Послышался гул мотора.
– О, свистун на помине, – сказала Авдотья и вышла в сени. Вернулась она с маленьким холщовым мешочком.
– На табе на память от мене, а што там – так дома посмотришь.
Взял мешочек и положил в чемодан.
– Спасибо Вам за все!
– Да чаво уж там, для мене это радость, хоть душу с тобою отвела, так што табе спасибо.
Я крепко сжал ее руки и поцеловал. Глаза ее наполнились влагой, она прикрыла нос левой рукой, правой перекрестила меня и махнула. Я выходил с чувством вины перед ней. Почему? Не знаю… Влез в Федькину колымагу, и мы помчались по пустой дороге, фары освещали утрамбованную дорогу, ведущую прочь от места, где, как мне показалось, живут совершенно несчастные люди.
Федор не свистел, и это молчание с его стороны я принял с большой благодарностью. Поезд уже стоял. Проводница из первого вагона махала мне рукой.
– Прощайте и неззззззз… – попытался сказать Федор.
– Понял, понял, спасибо, не забуду.
Вошел в вагон. Проводница провела меня в купе под номером 7. Попутчиков не было, и это обстоятельство меня вновь порадовало. Развернул матрац, накрыл его простыней вместе с подушкой, улегся в одежде; поезд тронулся и понес меня с моими мыслями домой.
– Просыпайтесь, подъезжаем, – в дверь тарабанила проводница.
Взял вафельное полотенце и направился умываться. Как и в прошлый раз, очереди в туалет не было; отсутствие запаха, присущего этому месту, меня удивило. Жизнь меняется в лучшую сторону. Не люблю ездить поездами с детства, предпочитаю пользоваться воздушным транспортом. Каждое лето приезжала мамина сестра и увозила к себе в деревню. Для меня это путешествие было испытанием и на короткий период перемещения расшатывало полностью мою неокрепшую детскую психику. Душные вагоны, «джентльмены» в трениках сновали то с пивом, то с лимонадом по коридору. Глухонемые стучались в купе и предлагали иконки. Запах колбасы, курицы, чеснока, глупые разговоры попутчиков – все меня раздражало. Поезд остановился, я вышел из вагона – чудесным образом оказался в хвосте. На перроне возле моего вагона в гордом одиночестве стоял ВЯ.
– Доброе утро, Володя!
– Здравствуйте! – Я первым протянул руку для приветствия.
– Как добрались?
– Все замечательно, спасибо.
– Ну, а теперь ко мне домой, обсудим вашу командировку.
– Как скажете.
Прошли сто метров, количество прибывших и встречающих увеличилось. Мы пробрались сквозь этот водоворот и спустились по лестнице.

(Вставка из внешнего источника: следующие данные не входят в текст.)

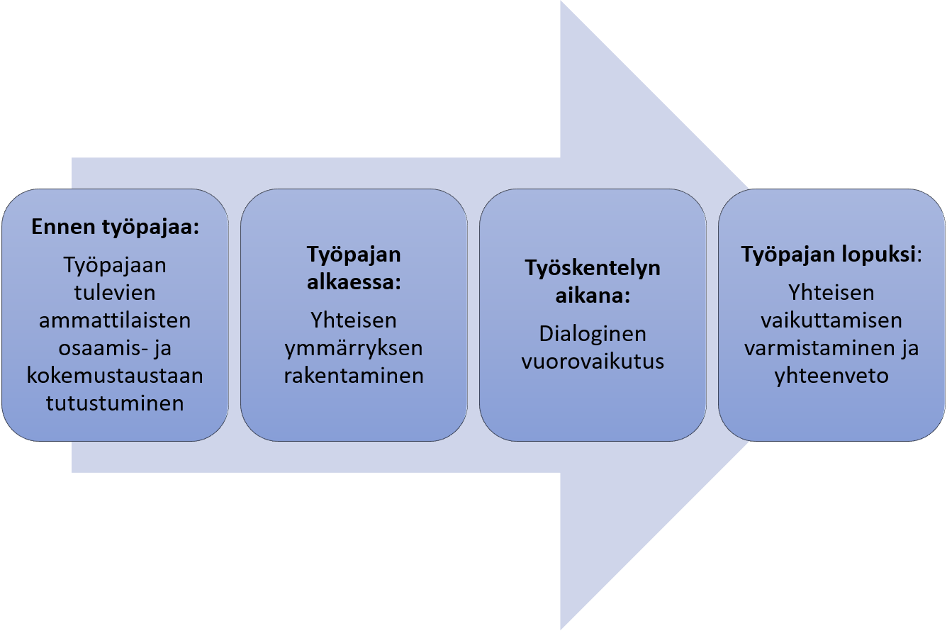 Ennen työpajojen toteuttamista hankkeen monialaiselle toimijaryhmälle järjestettiin dialoginen tutustumistilaisuus, jonka tarkoituksena oli jakaa toimijoiden asiantuntijuutta sekä luoda yhteistä kieltä ja toimintakulttuuria. Tässä tilaisuudessa päätettiin työpajojen toteuttamista tukevan tarkistuslistan laatimisesta ja siihen liittyvästä kehitystyöstä. Tarkistuslista auttaa huomion kiinnittämisessä monialaisen työskentelyn onnistumisen edellytyksiin suunnitteluvaiheesta työpajan aloitukseen, työskentelyvaiheeseen sekä päättämiseen (kuvio 1 ja liite 1).
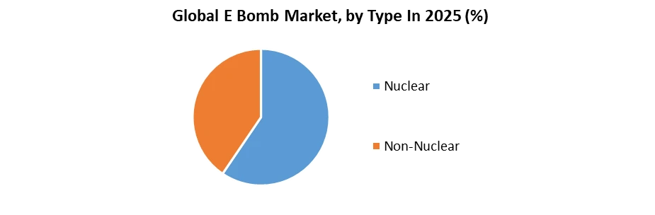 As high-power microwaves grow in the global market for E bombs, the use of these bombs is increasing in the military sector as they can be used to target mobile targets, mobile radars, naval vessels equipped with communication systems, air defense systems, and ill-shielded communications or electronic systems at military bases. Smart bombs or GPS-guided bombs are precision-guided weapons that are equipped with control systems, electronic sensors, and adjustable flight fins to provide better guidance. Currently, GPS-guided E bombs are in high demand since they precede conventional munitions for strategic air attacks. Generally, our hypothetical E bomb is a highly useful weapon that plays a critical role in many military conflicts. Meanwhile, the increasing use of nuclear weapons is also driving the growth of the E bomb market. With the intense electric and magnetic fields generated by such bombs, electrical/electronic systems tend to be damaged, including current and voltage surges that can burn out their sensitive components. Additionally, As a result of the explosion, an electromagnetic field is created, one that can short-circuit a wide range of electronic equipment such as computers, satellites, radios, radar receivers, and even traffic lights. These things may restrain the development of E bomb sales. Advances in military technology, improved range, and the capability of creating effects on strategic, operational, and tactical levels of warfare are some of the factors driving the global e-bomb market growth. Mobile E-bombs, which deliver their power into the enemy's system at the speed of light, might also increase the capability of the military against many fast-moving and agile targets. With its greater coverage and accuracy, the E bomb is more effective at protecting against hostile attacks, which increases its demand. The E bomb also has a significant effect on both air-to-air combats as well as air-to-ground combat, which is a great opportunity for the manufacturers and for key players as E bomb demand is increasing. The failure of semiconductor devices during an E bomb could affect industrial processes, railway networks, telephone and power systems, and water treatment facilities. Semiconductor devices can fail due to the local heating that occurs. Electronic equipment can be extremely at risk, and receivers of all kinds are particularly affected by E bombs. Radar and electronic warfare equipment, satellites, microwaves, UHF, VHF, HF, and low-band communications equipment, as well as cars equipped with ignition chips, can be impacted by the E bomb effect. These are some challenges by which market growth may get slow during the forecast period.E Bomb Market Segment Analysis:

– Вот наша машина, – показал рукой в сторону черной «Волги». Мы сели на заднее сиденье, мотор завелся и мы помчались по моему родному городу. Минут через сорок машина остановилась возле серой пятиэтажки.
– Вот мы и дома, – сказал ВЯ.
Выбравшись из машины, профессор махнул водителю рукой. «Волга» оставалась на месте. ВЯ набрал код и мы вошли в подъезд. Преодолев шесть ступеней, мы остановились перед зеленой металлической дверью. Повернув ключом два раза, мы вошли в уютную, но довольно аскетичную комнату. Ничего лишнего – я-то думал, профессора живут в хоромах с мебелью из слоновой кости.

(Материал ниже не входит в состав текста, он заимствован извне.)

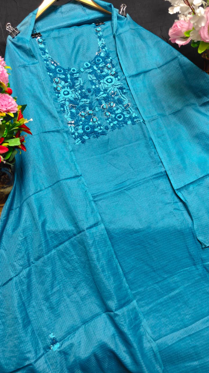 Kota doria dress material Embroidery work Shirt. N dupatta bottam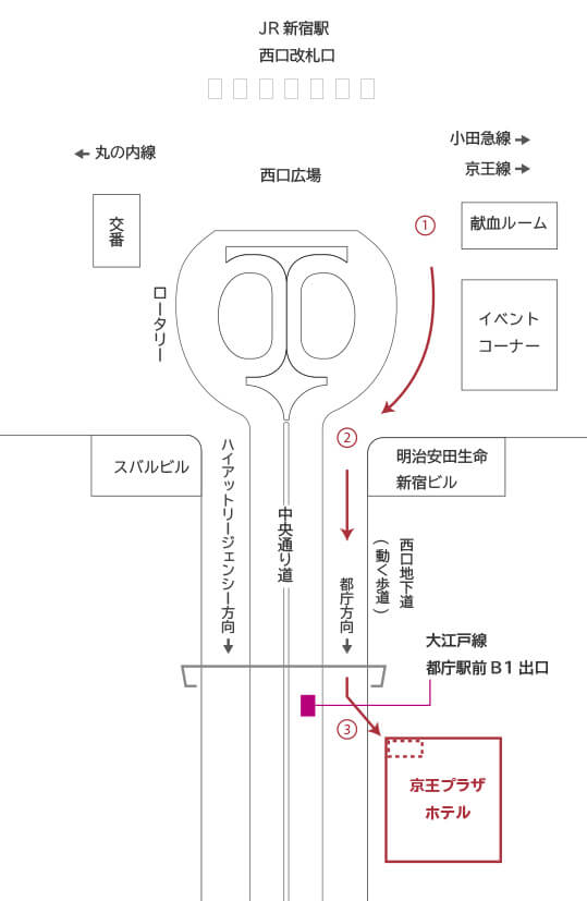 - ② 西口地下道より中央通りを都庁方面に直進。
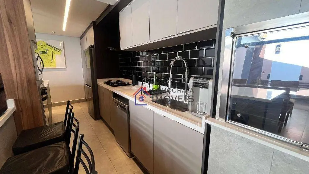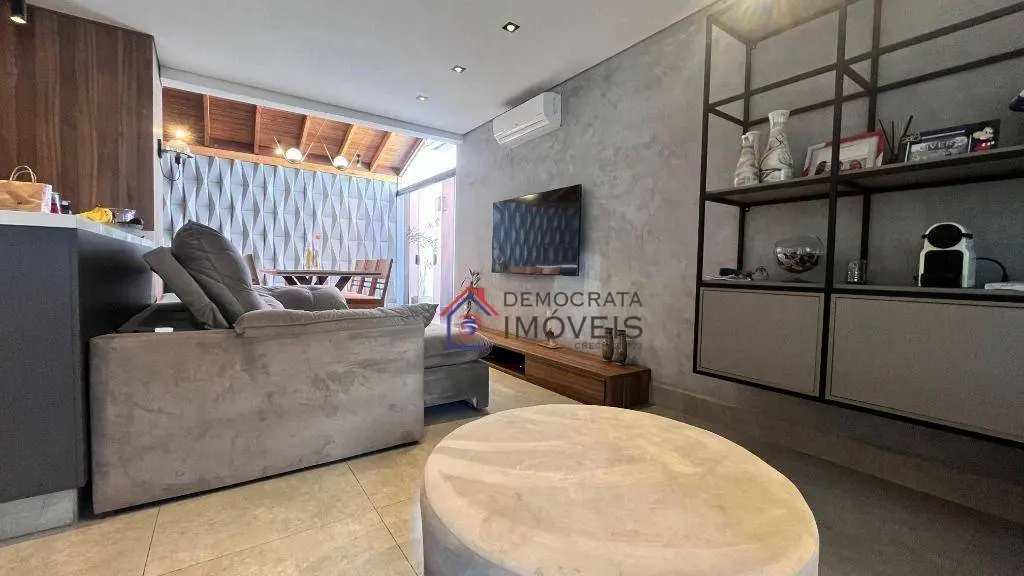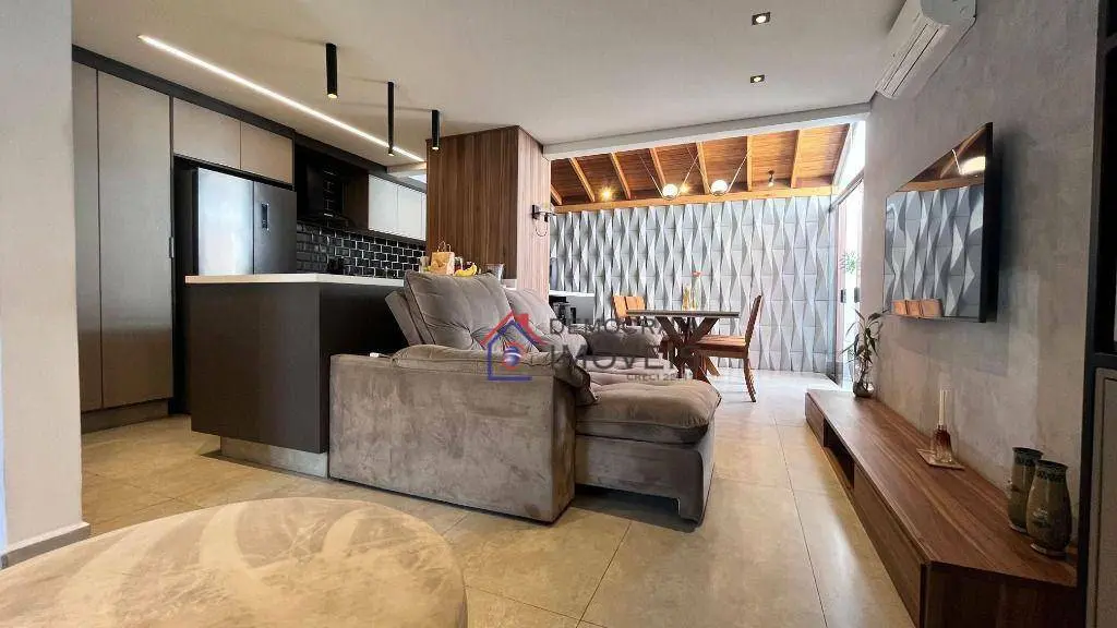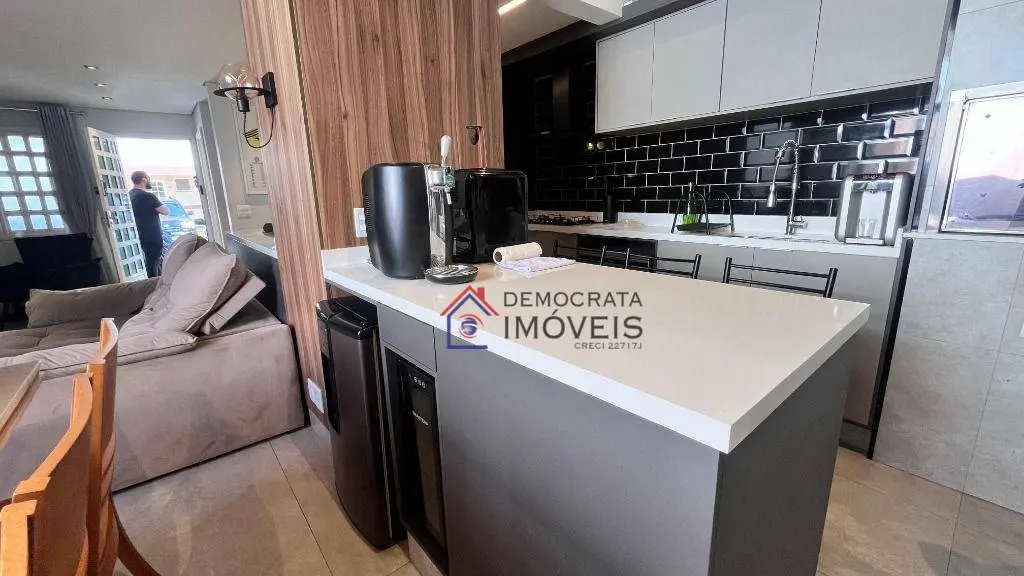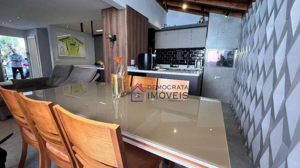 Sobrado totalmente mobiliado em condomínio fechado com 90m² de área útil. Possui 2 dormitórios, ambos suítes, lavabo, sala ampla com 2 ambientes, cozinha integrada, área de serviço externa com quintal e um sótão espaçoso para você usar como quiser! Conta ainda com 2 vagas de garagem.

– Володя, располагайтесь, завтрак на столе, так что не стесняйтесь. Должен оставить вас на пару часов. Вот еще что: вам необходимо сделать прививку для профилактики, только умоляю вас, не спрашивайте, от чего, место там такое – может, Вы и сами заметили.
– Делайте, Вам лучше знать.
Я завернул рукав, ВЯ протер смоченным спиртовым тампоном мою выпуклую вену и ввел содержимое.
– А почему в вену прививка, профессор?
– Вот видите, Вы же сами только что беспрекословно протянули руку, а после задаете глупый вопрос. Нужен Вам этот укол, поверьте на слово.
– Вы же знаете, я Вам полностью доверяю.
ВЯ собрал инструментарий в салфетку и положил в саквояж.
– Телевизора нет. На столе журналы и газеты, развлекайте себя как можете. До встречи, – он повернулся и вышел.
КЛИНИКА ИММУНОЛОГИИ
В кабинет постучались.
– Войдите!
Вошла Валентина с папкой в руке. – Владимир Яковлевич, Володя вернулся? – Да, он у меня дома. Он хорошо поработал, я подписал ему отпуск на две недели.
– Это Вы называете работой? Приготовил вакцины, известные любому школьнику.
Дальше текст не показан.